Lung cancer represents a major health problem worldwide as it is the most frequent cause of death from cancer among men and is the third leading cause of cancer mortality among women.
Bronchoscopy guided biopsy represents the only applied relatively invasive procedure for the initial diagnosis in smokers with suspected disease. However, this procedure is characterized by its poor sensitivity and it is useful only for central lesions while peripheral lesions are not accessible.
Owing to the difficulty in diagnosing the disease at an early stage, there is an urgent need to the development of novel non-invasive and sensitive biomarkers for early diagnosis, detection, as well as monitoring of lung cancer. Tumor markers that have been studied in lung cancer include carcinoembryonic antigen, cytokeratin−19 fragment and neuron−specific enolase. Although they have all been investigated, they currently lack clinical utility.
Dickkopf-1 (DKK-1) is a 35-KD glycoprotein that contains a signal peptide sequence and two cysteine – rich domains and a secreted protein that functions as a negative regulator of the Wnt signaling which plays a critical role in cancer pathogenesis.
Serum DKK-1 in patients with non small cell lung cancer and its relation to histopathological staging and grading, serum DKK-1 were measured in 30 adult patients with NSCLC, 30 patients with benign lung diseases such as COPD, bronchial asthma, pneumonia and interstitial pulmonary fibrosis.
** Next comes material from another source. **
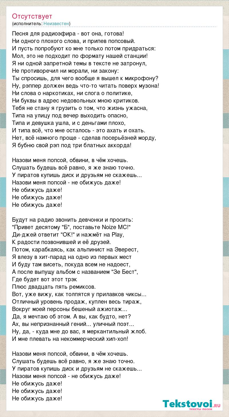 Песня для радиоэфира - вот она, готова! Ни одного плохого слова, и припев попсовый. И пусть попробуют ко мне только потом придраться: Мол, это не подходит по формату нашей станции! Я ни одной запретной темы в тексте не затронул, Не противоречил ни морали, ни закону: Ты спросишь, для чего вообще я вышел к микрофону? Ну, рэппер должен ведь что-то читать поверх музона! Ни слова о наркотиках, ни слога о политике, Ни буквы в адрес недовольных мною критиков. Тебя не стану я грузить о том, что жизнь ужасна, Типа на улицу под вечер выходить опасно, Типа и девушка ушла, и с деньгами плохо, И типа всё, что мне осталось - это ахать и охать. Нет, всё намного проще - сделав посерьёзней морду, Я бубню свой рэп под три блатных аккорда! Назови меня попсой, обвини, в чём хочешь. Слушать будешь всё равно, я же знаю точно. У пиратов купишь диск и друзьям не скажешь... Назови меня попсой - не обижусь даже! Не обижусь даже! Не обижусь даже! Не обижусь даже! Будут на радио звонить девчонки и просить: "Привет десятому "Б", поставьте Noize MC!" Ди-джей ответит "ОК!" и нажмёт на Play, К радости позвонившей и её друзей. Потом, карабкаясь, как альпинист на Эверест, Я влезу в хит-парад на одно из первых мест И буду там висеть, покуда всем не надоест, А после выпущу альбом с названием "Зе Бест", Где будет вот этот трэк Плюс двадцать пять ремиксов. Вот, уже вижу, как толпятся у прилавков чиксы... Отличный уровень продаж, куплен весь тираж, Вокруг моей персоны бешеный ажиотаж... Да, я мечтаю об этом. А вы, как будто, нет? Ах, вы непризнанный гений... уличный поэт... Ну, да, - куда мне до вас, я меркантильный жлоб. И мне плевать на некоммерческий хип-хоп! Назови меня попсой, обвини, в чём хочешь. Слушать будешь всё равно, я же знаю точно. У пиратов купишь диск и друзьям не скажешь... Назови меня попсой - не обижусь даже! Не обижусь даже! Не обижусь даже! Не обижусь даже!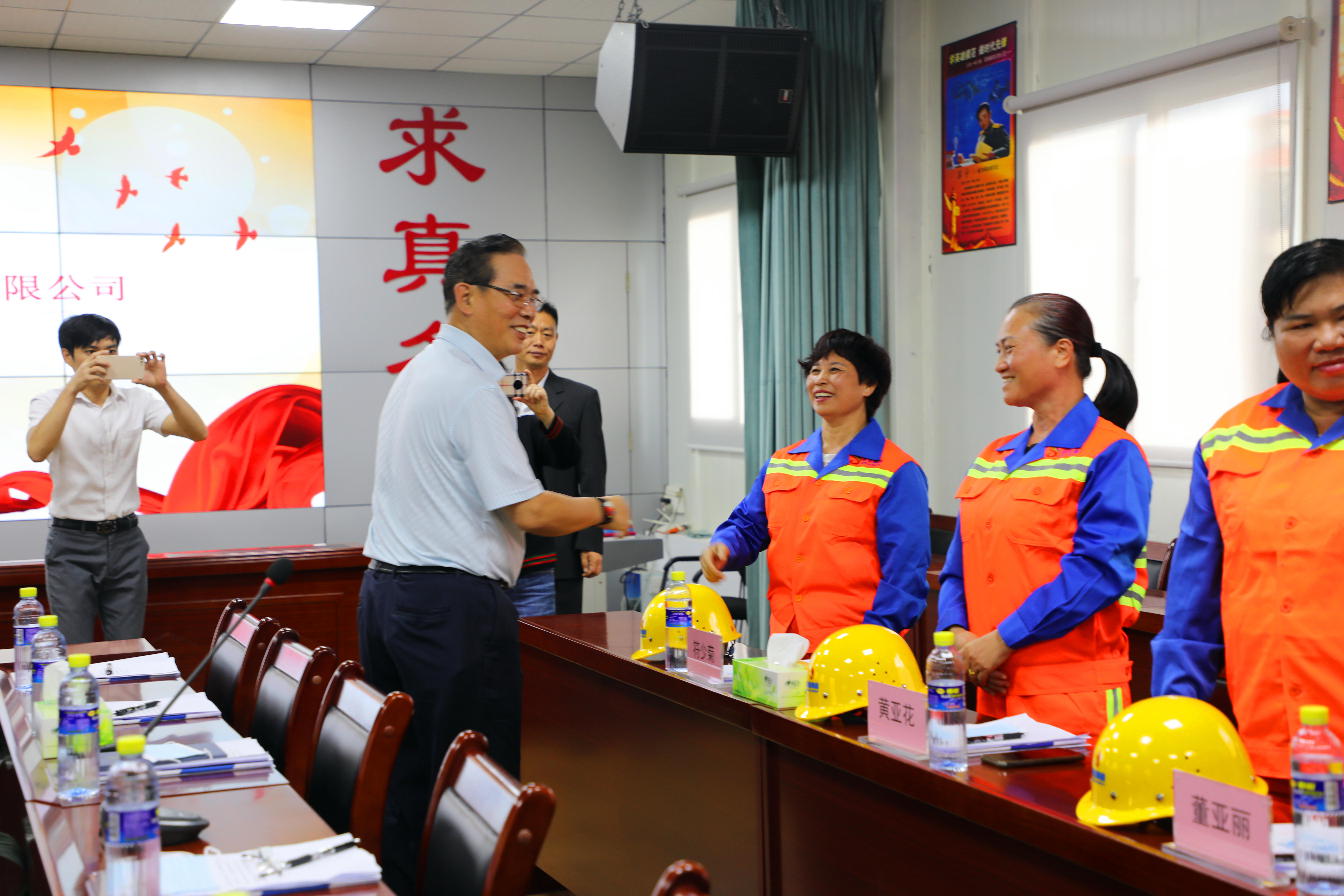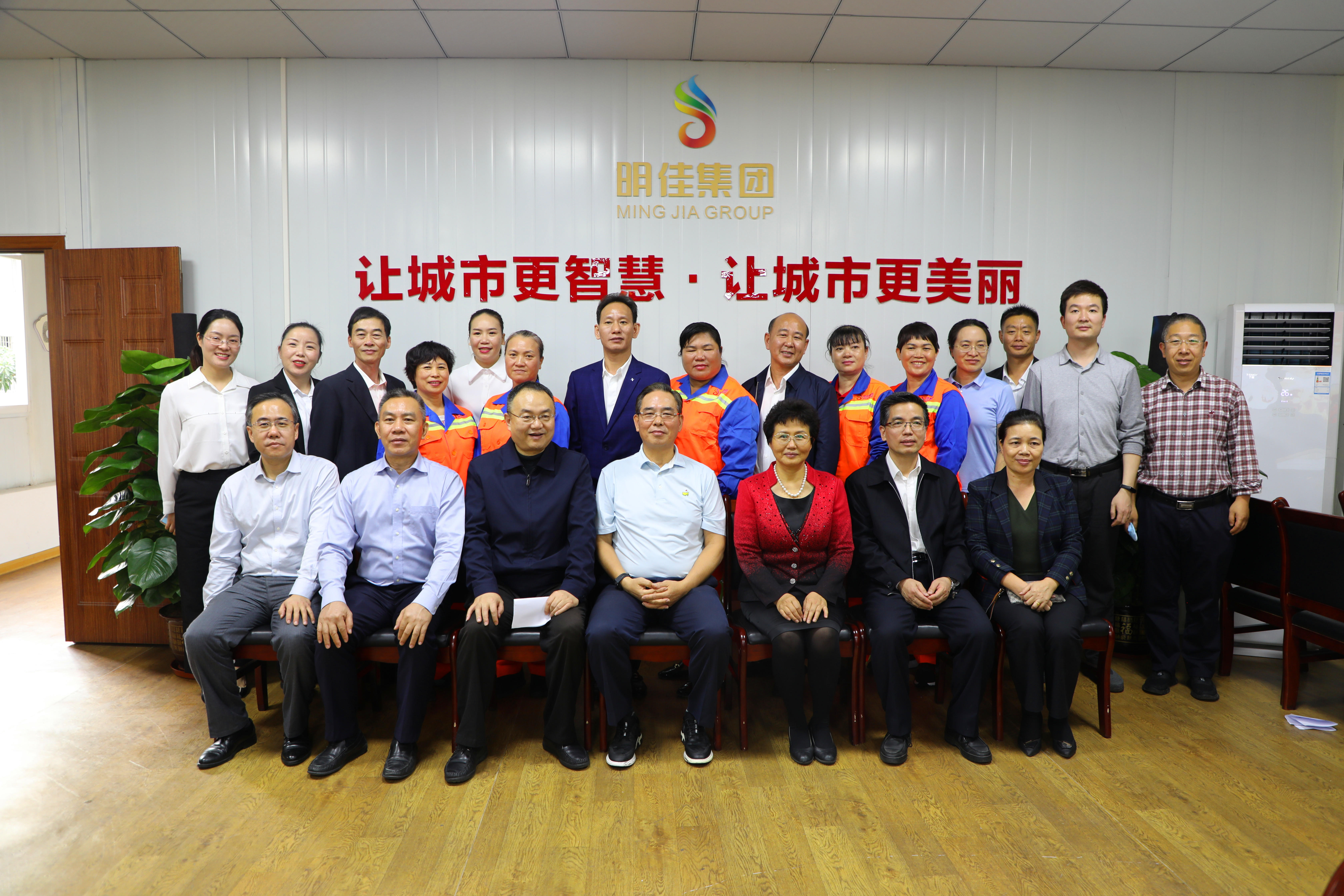他肯定了明佳集團工會取得的成績,并親切慰問了現(xiàn)場的環(huán)衛(wèi)工人,與他們一一握手,并合影留念。

In addition to 25 apparently healthy subjects served as control group.
NSCLC patients were classified according to TNM staging into: 12 patients with locally invasive NSCLC, 7 patients with locally advanced NSCLC and 11 patients with advanced NSCLC. This group was furtherly classified according to histological grading into: 11 patients with well differentiated NSCLC, 6 patients with moderately differentiated NSCLC and 13 patients with poorly differentiated NSCLC.
Our study revealed that serum DKK-1 levels were significantly higher in NSCLC patients when compared to both diseased and healthy control subjects, indicating its ability to predict NSCLC.
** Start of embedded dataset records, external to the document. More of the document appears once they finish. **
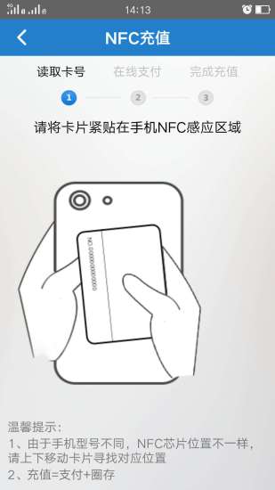 2、将公交卡放在手机nfc感应区域,由于手机型号不同,NFC芯片位置不一样,可以上下移动公交寻找对应位置,位置正确会听到“嘀”一声,对准该位置,请勿移开公交卡,读取卡号。选择充值金额进行充值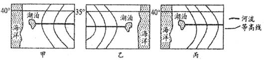 【小题1】根据河流往往形成在山谷中,山谷的等高线向高处凸出,河流往低处流的特点,得到甲图中的河流以湖泊为源地,自西向东流,自西向东流的河流北岸侵蚀严重,说明地转偏向力向左偏,该地位于南半球,该是位于40° www.91eXam.orgS以南的大陆西岸地区,应该属于温带海洋性气候;同理得到乙图中的河流从东往西流,该地河流北岸侵蚀严重,说明乙图所示地区位于北半球,乙图位于35°N以南的大陆东岸地区,属于亚热带季风性气候;同理得到丙图中的河流自东向西流入湖泊,河流北岸侵蚀严重,说明地转偏向力向右偏,该地位于40°N以南的大陆西岸地区,属于地中海气候。因此本题正确答案为D。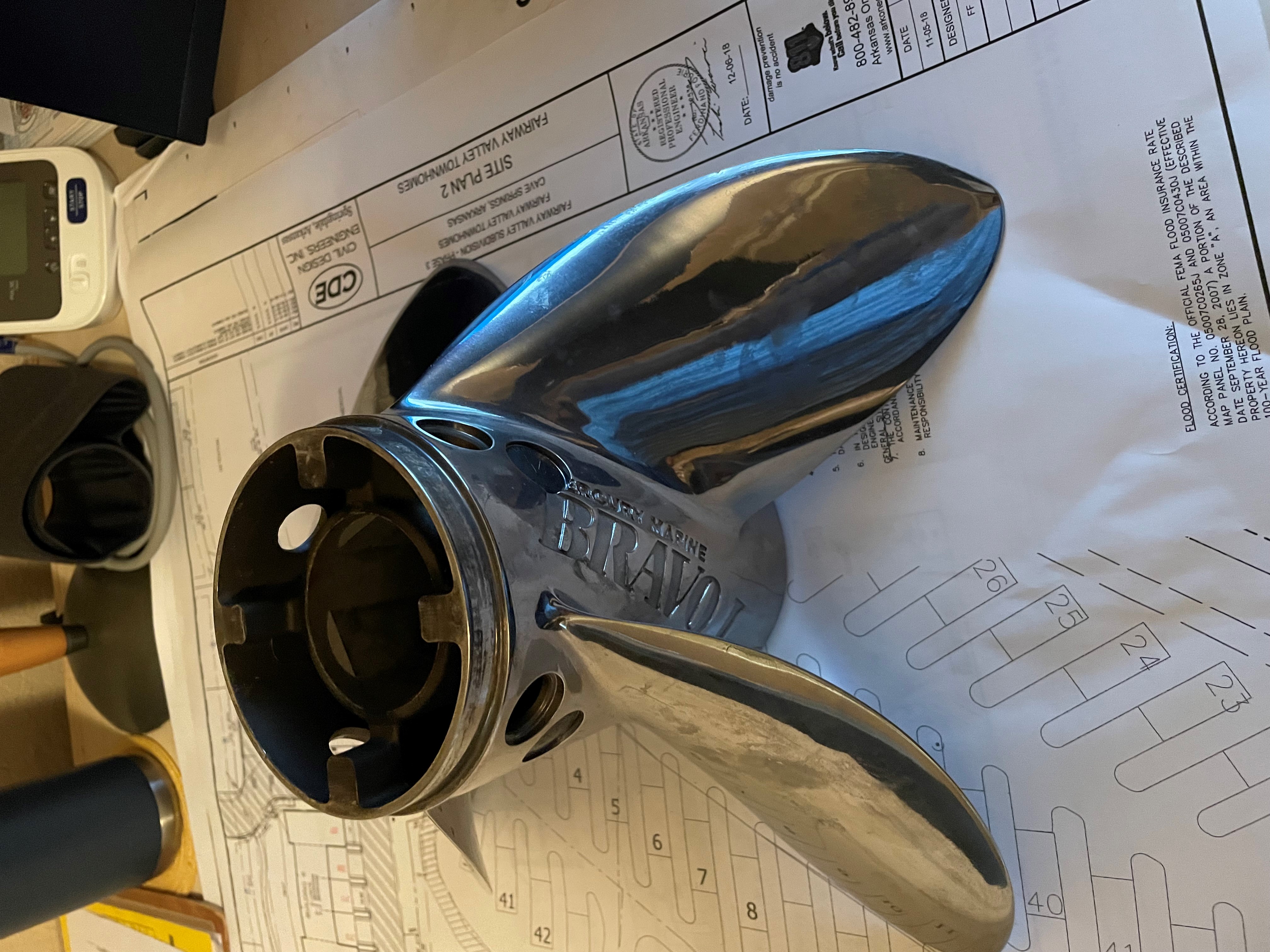 Bravo 1 XS 4 blade, 9 out of 10, has a burr on the leading edge of 1 blade. $500 TYD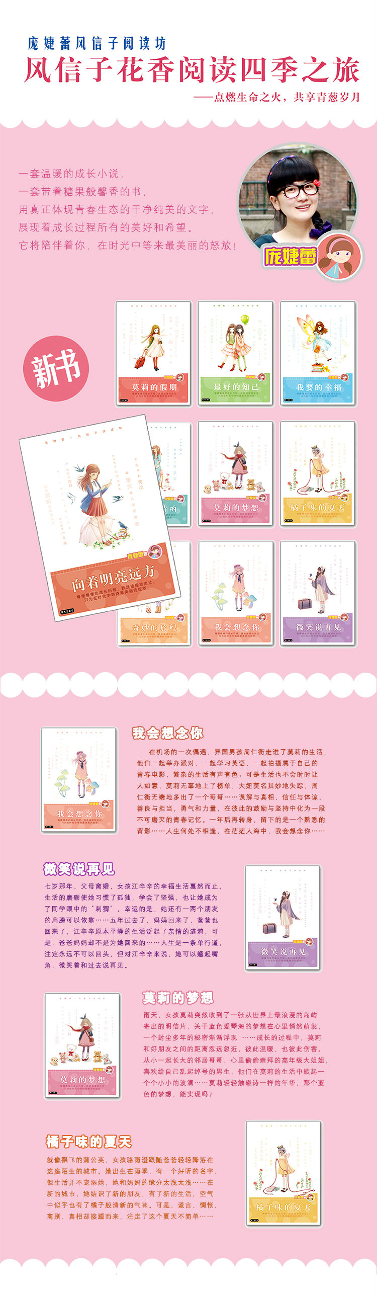 《庞婕蕾风信子悦读坊:莫莉的梦想》雨天,女孩莫莉突然收到了…张从世界上浪漫的岛屿寄出的明信片,关于蓝色爱琴海的梦想在心底悄然萌发,一个尘封多年的秘密渐渐浮现……成长的过程中,莫莉和好朋友之间的距离忽远忽近,彼此温暖,也彼此伤害。从小一起长大的邻居哥哥。心里偷偷崇拜的高年级大姐姐,喜欢给自己乱起绰号的男生,他们在莫莉的生活中掀起一个个小小的波澜……莫莉轻轻触碰诗一样的年华,那个蓝色的梦想。能实现吗?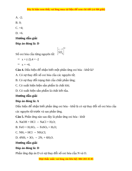 Đây là bản xem th , vu ử i lòng mua tài li u ệ đ xe ể m chi ti t (c ế ó l i ờ gi i ả ) A. -2; B. 0; C. +4; D. +6. Hư ng d ớ ẫn gi i ả Đáp án đúng là: D 2− [x −2 SO ] Số oxi hóa c a t ủ ng nguyên ừ t : ử 4 ⇒ x + (-2).4 = -2 ⇒ x = +6.

As regard the relation between serum DKK-1 and TNM staging, our result raveled a significant difference between serum DKK-1 concentrations in different stages (I, III and IV) of NSCLC. Furthermore, our correlation study revealed a significant positive correlation between DKK-1 and TNM staging.
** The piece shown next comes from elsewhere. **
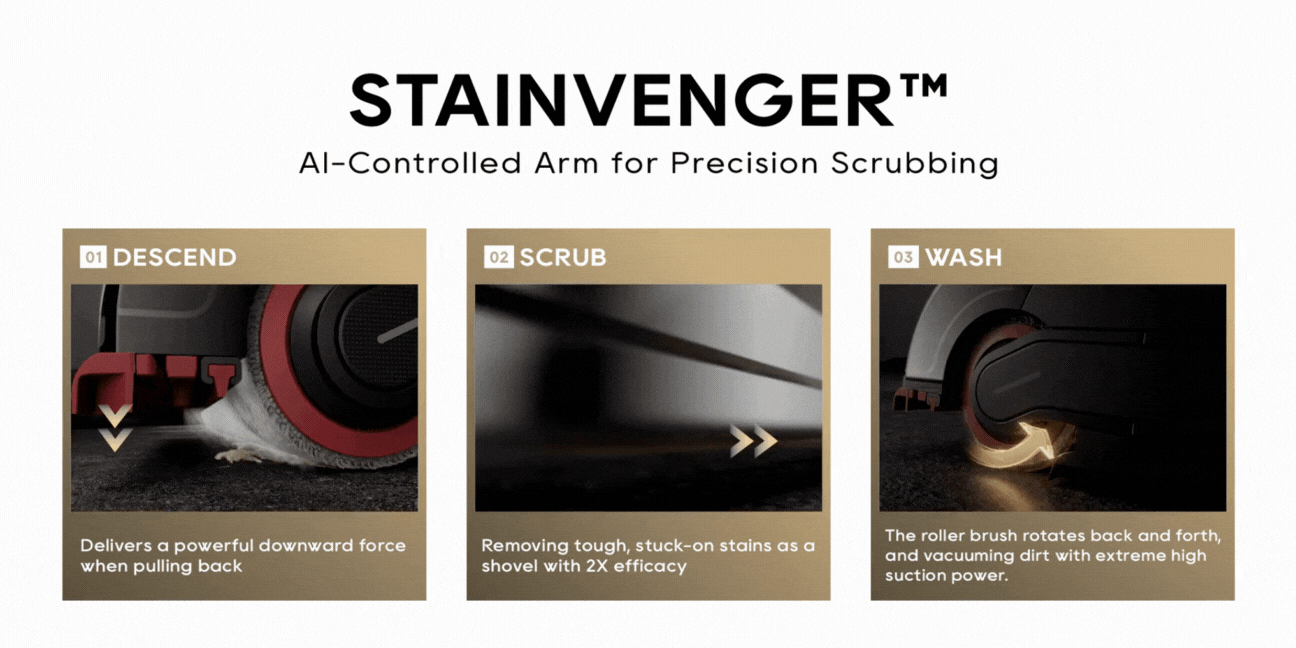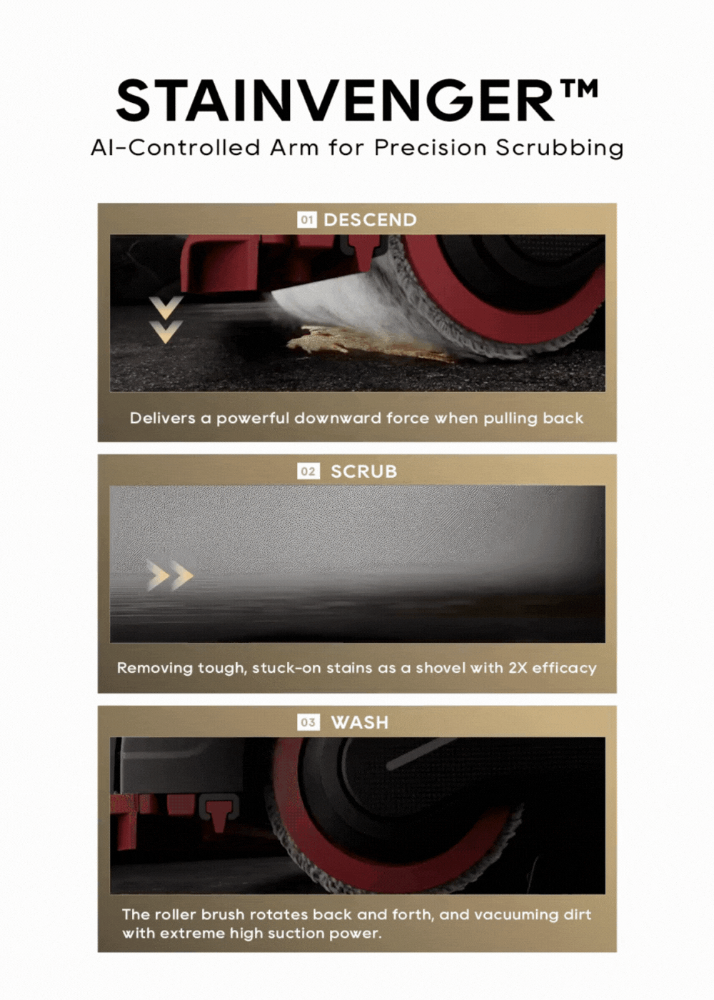Featuring StainVenger™ AI Rigid Arm and GapFree™ 2.0 Tri-Edge Flexible Arm for 100% tough stain removal and zero water stain at edges.

Our study also revealed a highly significant difference between serum DKK-1 concentrations in different NSCLC grades. Furthermore, our correlation study revealed a significant negative correlation between serum DKK-1 and the grade of differentiation of NSCLC. These findings suggested that higher DKK-1 is associated with worse prognosis.
Assessment of diagnostic performance of serum DKK-1 in our study revealed that the best cut-off for DKK-1 to discriminate lung cancer patients from those with benign lung diseases was ≥2450 pg/mL. This cut-off provided sensitivity and a specificity of 57% and 90% respectively, PPV and NPV of 85% and 68% respectively, diagnostic efficiency of 73% and the AUC is 0.644. Furthermore, the diagnostic performance of serum DKK-1 to discriminate lung cancer patients from those of healthy control was assessed and the best cut-off was ≥1960 pg/mL. This cut-off provided sensitivity and a specificity of 73% and 96% respectively, PPV and NPV of 96% and 75% respectively, diagnostic efficiency of 84% and the AUC is 0.746.